Gnostic Corruption  in the 4th Century

Thomas Armitage, D.D.

From the book, The History of the Baptists, 1886

It would require a volume to trace the corruption of Christianity with Platonism, for we have this heresy in germ in the Apostolic Churches long before the Gnostics injected it into the truth at Alexandria, as the exalters and defenders of knowledge against faith.


Paul found it creeping in at Crete, Colosse and Ephesus.


The ideas of Pythagorus had prepared its way in Crete, Ephesus was the center of all pretentious philosophy, and Colosse was full of Phrygian pantheism entwined with the mysteries of Pan, Cybele and Bacchus. All these were dexterously in­terwoven into Christianity by Simon Magus, the real father of Christianized Gnosticism; others fostered it, and Manes led it to full manhood by the end of the third century. Paul saw its drift and warned Timothy against the opposition air knowledge falsely so called.


At first it was simple, without system or great power, never arraying itself openly against the truth; hence, its danger lay not in the violence of its attacks, but in its secret aggressions. Hippolytus calls it a 'hyrdra' which had been pushing its way in the dark for many years; but no error matched it in efficiency. In his time it had corrupted between thirty and forty sects and subsects who differed amongst themselves, all holding principles contrary to the simple faith of Christ and putting it under the control of Oriental paganism.


Gnosis of Alexandria is not easily defined; for it was a compound of monotheism, materialism, pantheism and spiritualism, taken from the heart of Platonism and the reasoning of Aristotle, with an admixture of native Egyptian thought.


It professed to be the essence of intelligence, and so won the learned by its liberal speculations, the rationalist by its mastery of all logic, the superstitious by its many mysteries and the ignorant by its pretense, that it explained everything. The Greek philosophy was too narrow for its tastes, and the teachings of Jesus too practical for its uses, so it made sad havoc of Homer's pure literature and Christ's plain revelations. It refused to take anything in the proper and natural meaning of its words, and its allegory distorted everything by the attempt to transfigure its simplicity.


Hippolytus says that the whole system reminded him of Thales, who, "Looking toward heaven, alleging that he was carefully examining supernal objects, fell into a well; and a certain maid, Thratta, remarked of him derisively that while intent on beholding things in heaven, he did not know what was at his feet."


At the opening of the fourth century none of the Churches were entirely free from this corrupt leaven. It affected their doctrine and practice, had created an aristocracy in their ministry, pushed aside the letter of Scripture in sublimating its interpretation in relation to the person of God, of Christ, good and evil, incarna­tion and atonement ; and had left but little in the Gospel unchanged, either in theory or experience.

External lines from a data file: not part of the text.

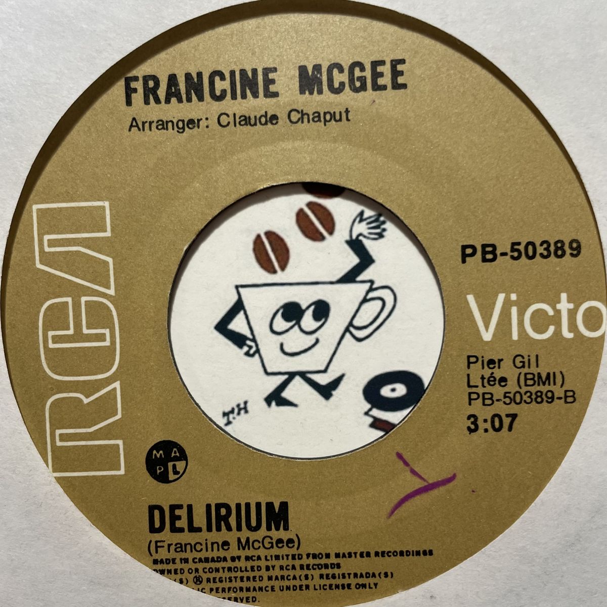 CANADAディスコシンガーFRANCINE MCGEEの1977年RCAカナダリリースSEVEN INCシングルFEELIN GOOD。再発する程でも無いだろうにと昔は不思議に思ってたのですがDANCEクラシックファンにはおなじみLOFT CLASSICの大名曲でございますね!!!妖艶な歌声を披露したFRANCINE MCGEE当人さまには大変申し訳ないのですがワタクシも皆さま同様カップリング曲DELIRIUMがお目当てなのさッ!!!!!お聴きの通りコリャSPRING RAINなんて悠長なモンじゃございません、もう危険領域のゲリラ豪雨でございます!!!ちなみにSEVENプレスはCANADAとUKのみですから侮れません。
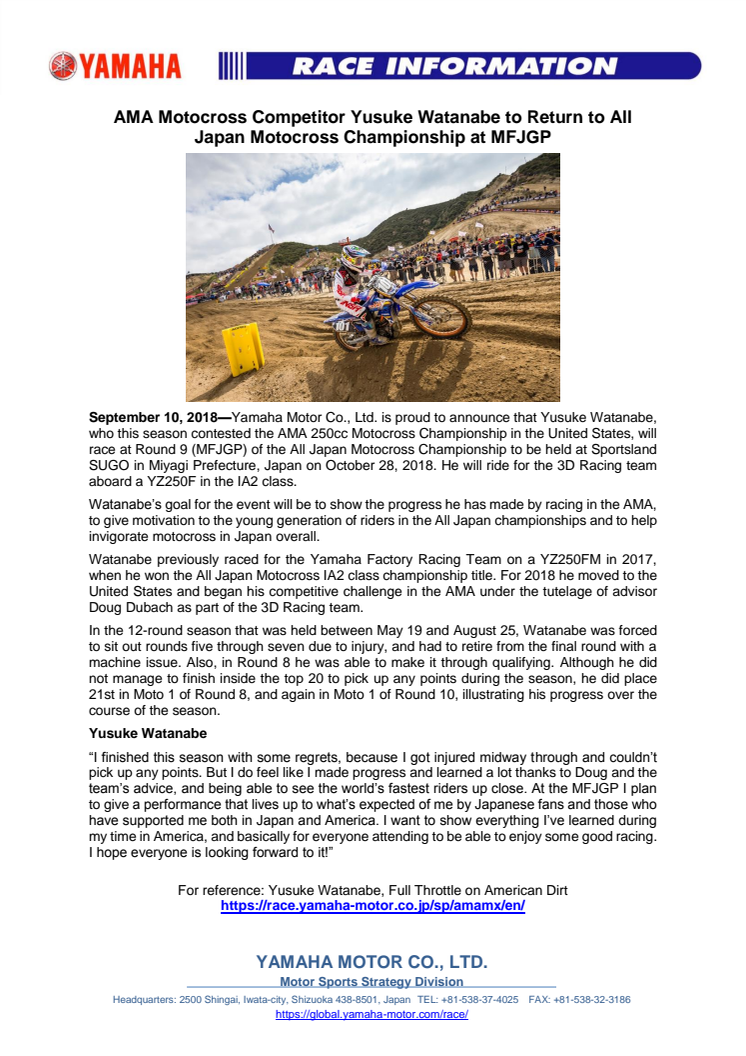 AMA Motocross Competitor Yusuke Watanabe to Return to All Japan Motocross Championship at MFJGP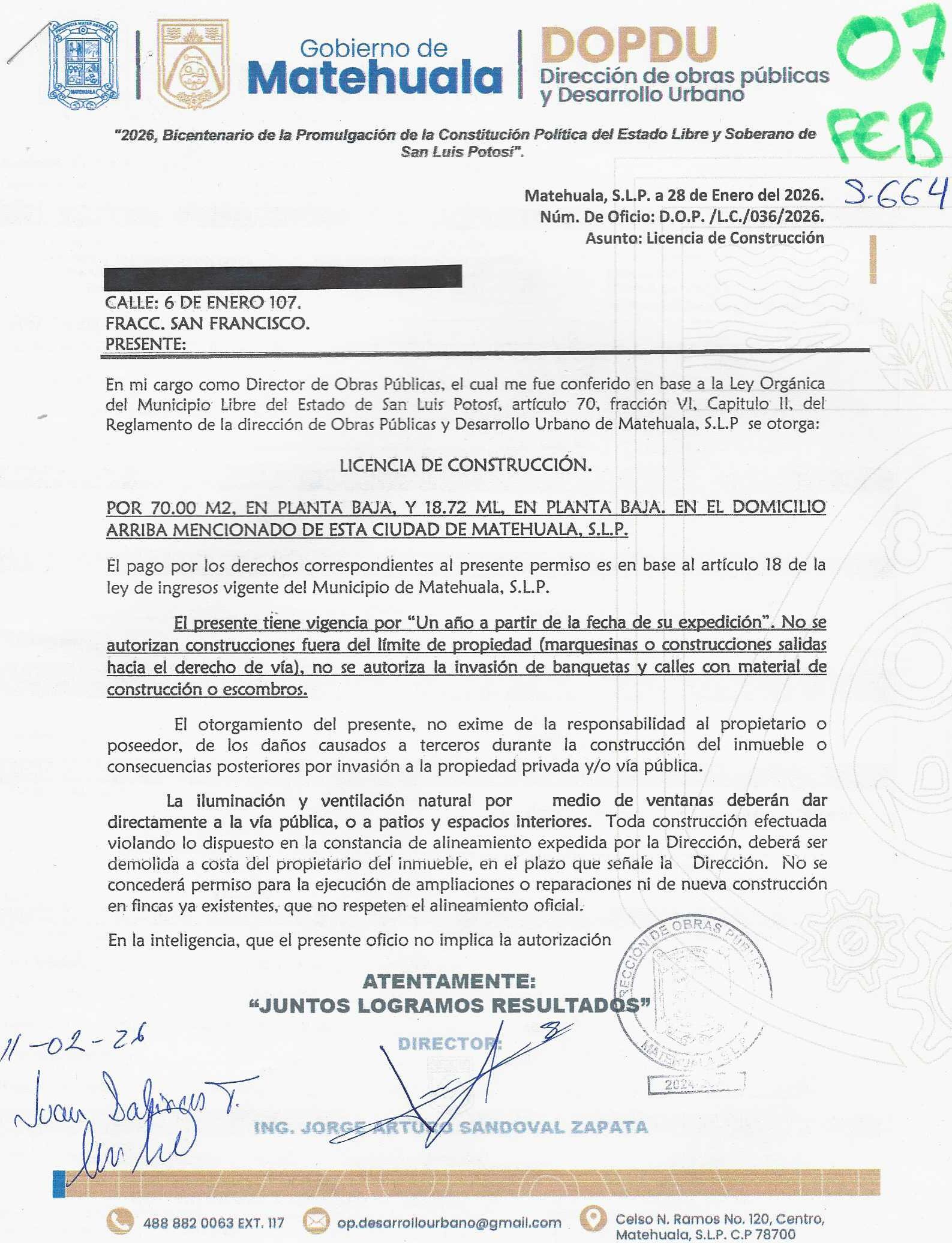 2026 01/02/2026 28/02/2026 DOP/LC/036/2026 CONSTRUCCION JOEL VAZQUEZ MATA no se genero información Calle 6 DE enero 107 0 Fraccionamiento SAN FRANCISCO 20 MATEHUALA 20 MATEHUALA 24 San Luis Potosí 78783 "http://www.cegaipslp.org.mx/HV2026.nsf/nombre_de_la_vista/03440D260CC669D006258DB500729B4D/$File/07+JOEL+VAZQUEZ+MATA.jpg " 11/02/2026 11/02/2027 HABITACIONAL "http://www.cegaipslp.org.mx/HV2026.nsf/nombre_de_la_vista/37A3DD468A1984C406258DB500554BEB/$File/07+JOEL+VAZQUEZ+MATA.jpg " DIRECCIÓN DE OBRAS PÚBLICAS Y DESARROLLO URBANO 10/03/2026 20 % DESCUENTO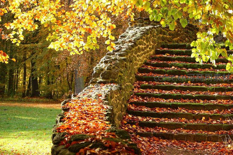石阶覆满秋叶,古墙旁阳光洒落林间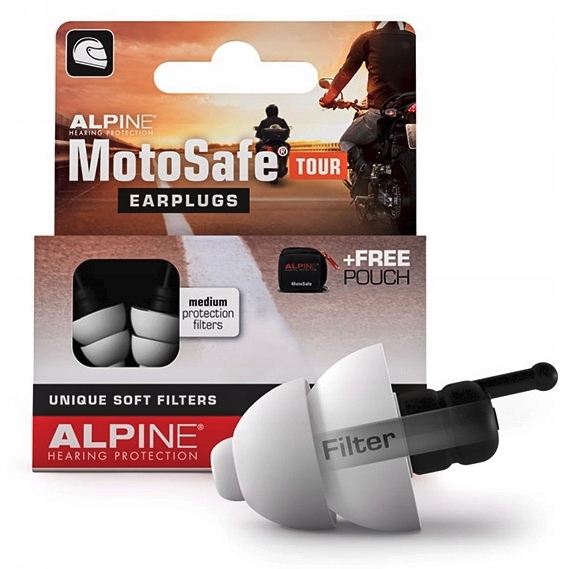 Zatyczki Alpine MotoSafe Tour tłumią szkodliwe dźwięki, a zastosowane w nich filtry zapobiegają odczuciu odizolowania. Dźwięki otoczenia, takie jak ruch uliczny, sygnały nawigacji, a także praca samego motocykla pozostają słyszalne.
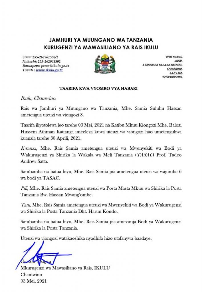 Rais Samia Suluhu Hassan, ametengua uteuzi wa viongozi watatu akiwemo Mwenyekiti wa Bodi ya Wakurugenzi wa Shirika la Wakala wa Meli Tanzania (TASAC), Profesa Tadeo Satta, Posta Masta Mkuu wa Shirika la Posta Tanzania, Hassan Mwang’ombe na Mwenyekiti wa Bodi ya Wakurugenzi wa Posta, Harun Kondo.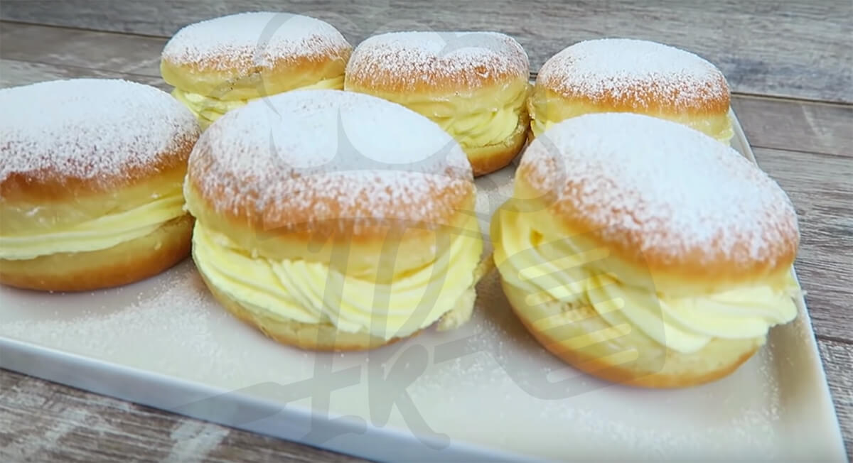- Diese wird in einen Spritzbeutel mit Sterntülle gefüllt und auf die Böden der Berliner gespritzt. Dann kommen die Deckel drauf und werden mit Puderzucker bestäubt.

Almost all the African fathers had gone after it, and it had pro­duced swarms of monastic orders in Greece, Gaul and Italy. Worse than this, it had destroyed the common bond of brotherhood between the rich and poor; and because of its pomp, ceremony, symbol, mystery and liturgical worship, it had found that favor with the nobles which exalted Christ's religion into an awful sacredness, and well nigh made the Church a secret society, which now cared little to up-lift the slave, the poor and the downtrodden.

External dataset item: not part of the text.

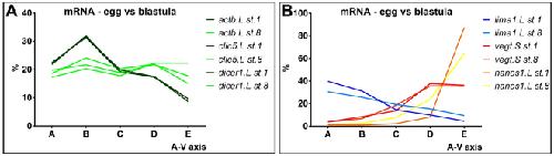 Figure 3. Animal mRNAs become evenly distributed along the A-V axis at blastula stage (A), while extremely animal, vegetal, and extremely vegetal mRNAs remain asymmetrically distributed at blastula stage (B).
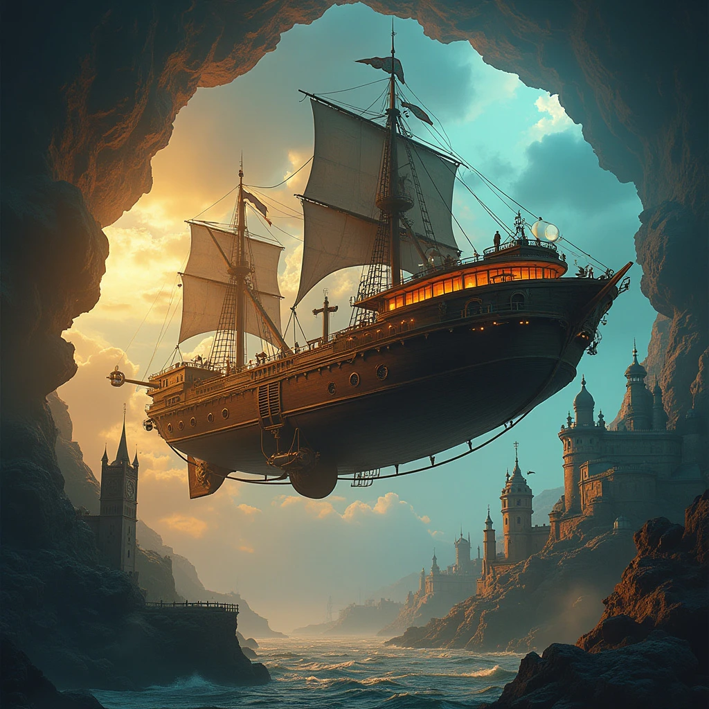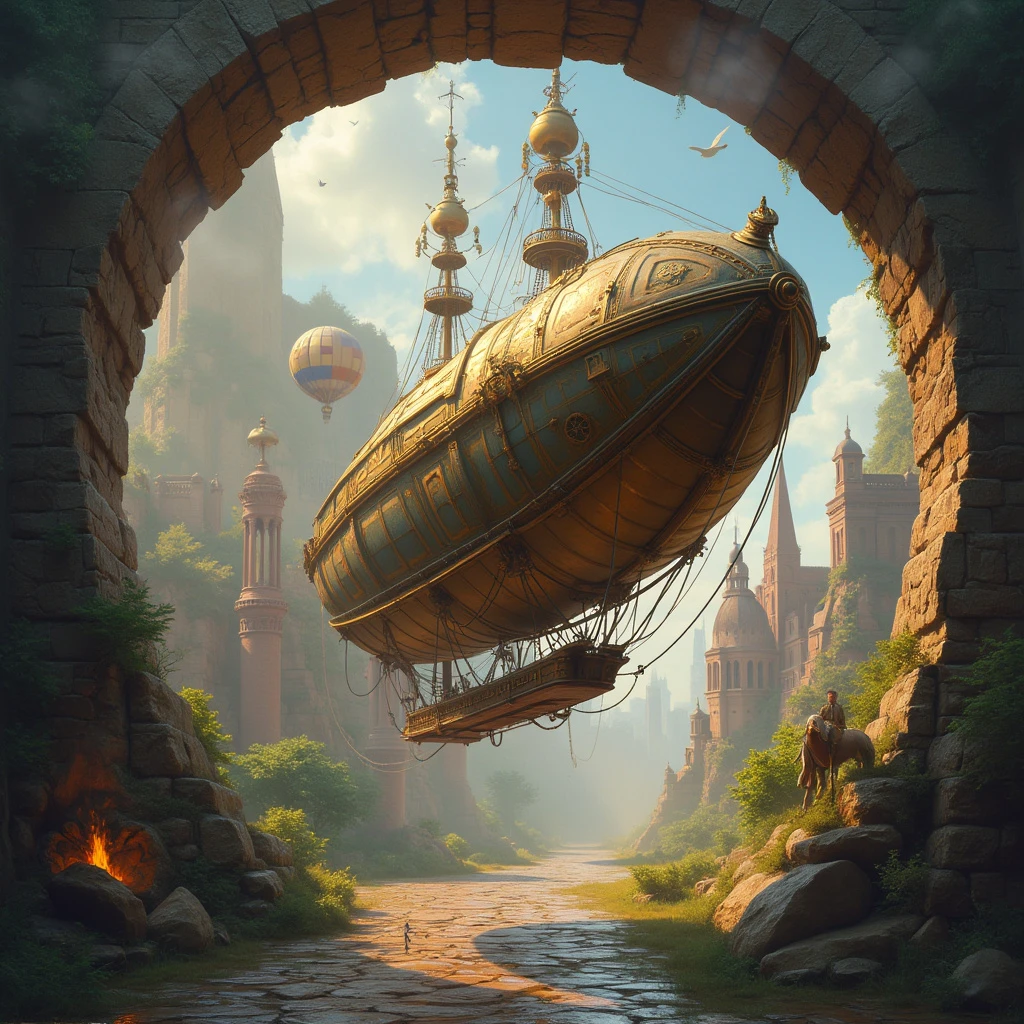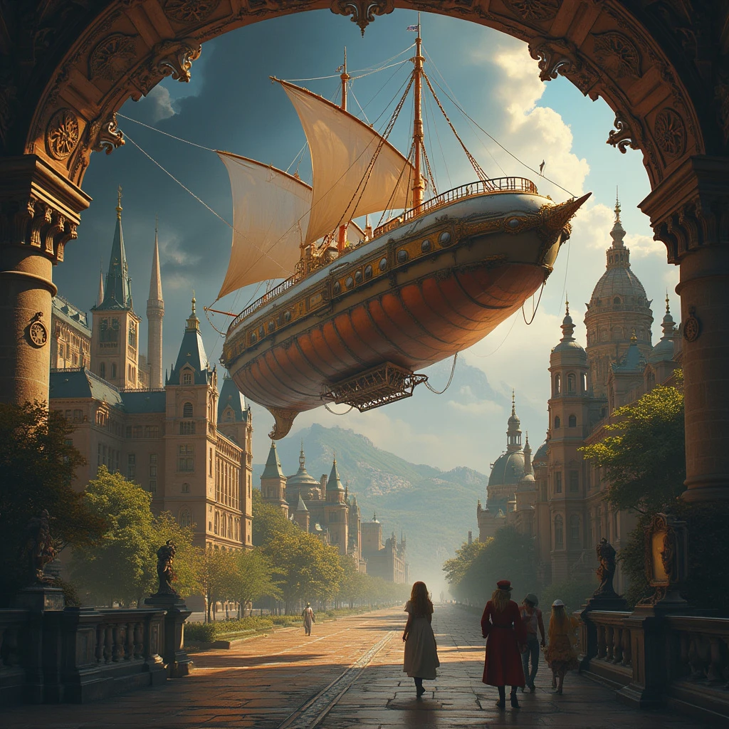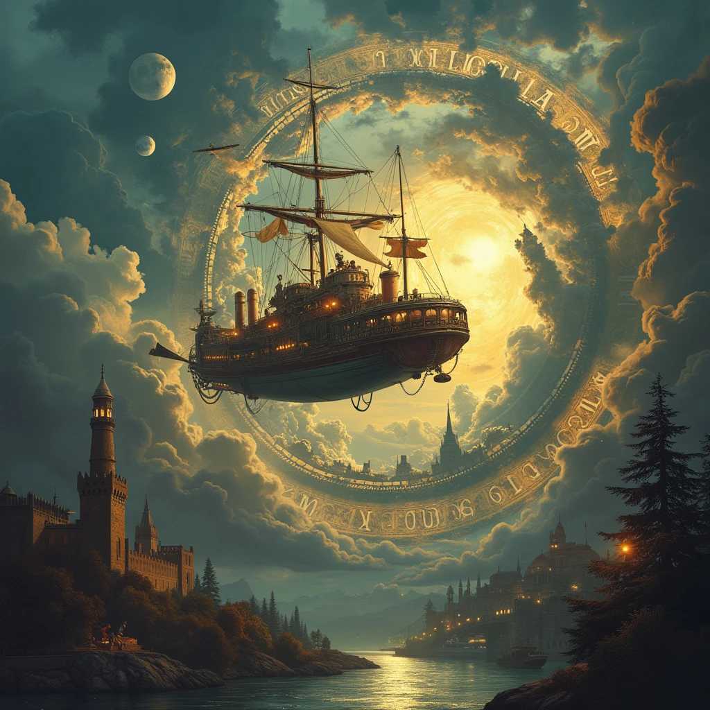 A steampunk airship gliding through a time portal, connecting various historical landmarks. Facebook cover photo."

This explains why Christianity took the shape that it did in its final struggle with paganism. Having corrupted itself and become weak, the steps were easy to popular influence, and the unity of the temporal with the spiritual power.


For forty years the law of Gallienus had recognized the Christians as a legal community. They had become numerous and influential. In the great cities they had large and costly temples furnished with vessels of gold and silver; their faith was much the rising fashion; the army, the civil service, the court, were filled with Christians, and the old Christ-likeness had nearly gone.